In 2001, both the Italian and Greek governments executed a series of sovereign transactions. Both governments used securitization as a way to reduce their debt levels, which aided them in achieving the Maastricht debt targets. As a result, sovereign securitizations were expected to take flight in 2002, with expectations that neighboring European jurisdictions dealing with similar debt reduction techniques, outlined by the Maastricht criteria, would follow the Greek and Italian lead.
But in July 2002, Eurostat seemingly put a stop to the loose transaction reporting guidelines, which made qualifying these transactions as off-balance-sheet more difficult. Under the new regulations, sovereigns are required to report transactions on their balance sheet if the deal is guaranteed by the government, if it is a securitization of future revenue not generated from pre-existing assets, or if the sale price to the SPV at the time of the initial sale is more than 15% below market value or estimated market value of the assets and the difference is repaid to the government via a deferred purchase price.

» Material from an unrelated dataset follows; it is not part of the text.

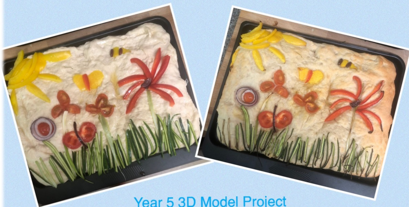
Year 5 3D Model Project - Bread Art

The challenge for the Italian government was to achieve the 85% loan-to-value ratio dictated by the Eurostat guidelines in order to achieve off-balance-sheet treatment. In its SCIP 1 transaction launched at the end of 2001, the government did not have to comply with these regulations and was therefore able to include only higher-rated assets. With SCIP 2, the Italian government was able to comply with the new regulations by going down the credit curve to issue debt rated from triple-A to single-A. "The execution risk is higher as a result," explained one market participant. "Trying to get the rating agency to rate to the prescribed amount is essential - without the 85% LTV there is no deal, and 85% can only be achieved with the rating agency stress test."
According to market sources, the Italian treasury was under a stringent timeframe to get the deal done. Consequently, initial plans to include U.S. dollar tranches that would have attracted U.S. buyers were omitted in order to streamline the marketing process. The double-A and single-A tranches priced at 65 and 117 basis points over Euribor, respectively. "By including these lower-rated assets, it makes the cost of issuance obviously higher," said sources at Citigroup/Salomon Smith Barney.
"This is the first time the government has issued non triple-A rated bonds. There is obviously enough investor appetite for the lower-rated paper, otherwise the deal would not have been done," the sources said. "The deal proved that even under adverse conditions, government securitizations can still get done, creating a benchmark for other government securitizations in the future."
Going forward, the Republic of Italy is likely to tap the ABS market again because the government has other assets on its balance sheet that could qualify for securitization. "We expect to see another SCIP-style transaction from the Italian government, which is keen to raise off-balance sheet debt," according to Morgan Stanley's 2003 outlook. "This should make up most of Italy's 2003 CMBS issuance."
As to whether other countries will follow Italy's lead is hard to predict. The Greek government stated last year that it would likely not execute a transaction that wouldn't qualify for off-balance-sheet treatment. The deals that it has executed in the past are all backed by the sovereign, which under the current rules would not qualify for off-balance-sheet treatment.
But Italy's real estate deal provides governments with a fresh perspective from which to explore the possibilities of securitization. "This deal proved that even under the new risk-transfer requirements of Eurostat, it is possible to achieve non-debt treatment in the securitization of government real estate assets," said analysts at Citigroup. "However, future flow transactions and government guaranteed transactions are to be treated as government borrowing under Eurostat guidelines."